I had an article out yesterday for the Christian Science Monitor, looking at the significant role of Twitter in breaking media censorship in Turkey.

It has always struck me as interesting that Turkish journalists and news columnists command such huge Twitter followings. From my article:

Turkey already has more journalists in prison than Iran and China, mostly on dubious charges of “terrorism.” It is also ranked 148th out of 179 countries in Reporters Without Borders’ 2011-2012 Press Freedom Index. More curbs may be coming: This month lawmakers from the ruling Justice and Development Party (AKP) said they were considering introducing changes to press laws that could restrict reports on grounds of “disrupting public morality.” 
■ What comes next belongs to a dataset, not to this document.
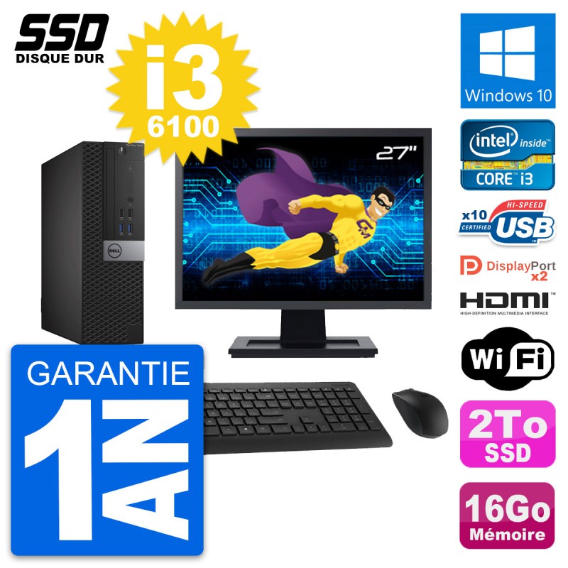 PC Dell OptiPlex 7040 SFF - Intel Core i3-6100 3.7 Ghz (3 Mo) - 16 Go DDR4 - SSD 2 To - Clef Wifi USB - Windows 10 - Livré avec Ecran 27" + clavier + souris (Marques et modèles variables) - Garantie 1 an.

Meanwhile, Turkey now ranks 11th in the world for Twitter usage, according to Semiocast, a company specializing in digital analytics.

Uptake of social media is driven by Turkey’s increasingly tech-savvy population. Around a quarter of the country’s cell phone users own a smart phone, the second highest rate in Central and Eastern Europe, according to market research company GfK.
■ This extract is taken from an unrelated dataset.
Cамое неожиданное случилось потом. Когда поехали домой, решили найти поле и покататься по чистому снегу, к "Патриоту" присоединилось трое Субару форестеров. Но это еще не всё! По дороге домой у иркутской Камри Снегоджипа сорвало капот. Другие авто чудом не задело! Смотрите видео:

As the Uludere tragedy coverage showed, Twitter has already developed into a powerful tool for disseminating news. Turkish journalists’ Twitter followings often dwarf those of their foreign counterparts, even in countries where usage far outstrips Turkey’s.

Temelkuran has more than 300,000 followers, outstripping almost all the most prominent TV and print journalists in the UK, which has nearly four times as many Twitter users as Turkey.
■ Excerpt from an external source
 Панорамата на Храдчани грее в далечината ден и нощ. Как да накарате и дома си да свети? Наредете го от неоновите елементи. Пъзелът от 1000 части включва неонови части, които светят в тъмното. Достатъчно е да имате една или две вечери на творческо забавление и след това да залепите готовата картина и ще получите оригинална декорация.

“It’s crazy,” says Akinan, who now has more than 100,000 followers. “It’s not like I’m a celebrity or a beautiful woman posting pictures of myself. I’m a journalist.”

Professor Uckan says that whilst Turks may not trust their newspapers and television stations, they often do trust the reporters who work for them.

“People don’t see the mainstream media as a source of real news, but they respect a lot of journalists and follow them on Twitter, hoping to get the news that they can’t publish in their newspapers.”

The article also looked at the growing atmosphere of self-censorship that many Turkish journalists describe. In particular, they say that it is becoming taboo to strongly criticize the government.

When this issue comes up, defenders and allies of the AKP tend to say: ‘What about Sözcu?” Sözcu is a small newspaper that remains rabidly critical of the AKP, however it is a fringe publication. In the current situation, according to journalist Serdar Akinan, critical voices have been pushed to these fringes, to such small publications as Sözcu, which espouse extreme and easily discredited viewpoints.

It is at the centre of the media, where it matters, that criticism is being phased out: on the big TV stations and high circulation newspapers.

“We are airing government ministers’ speeches and no one contradicts them. If you do you can lose your job easily,” says Akinan. “Before you could compare different ideas but now that’s finished. They pushed [critical viewpoints] to the edges and you can say they’re crazy people.”

Coincidentally, Erdogan insisted he is big opponent of media censorship in an interview with the Istanbul Review, Hurriyet Daily News reports. “Freedom of expression is a field we are very keen on,” he gushed, “one the standards of which we raise with each passing day.”

It’s difficult to square those comments with the government’s latest ideas for new press laws.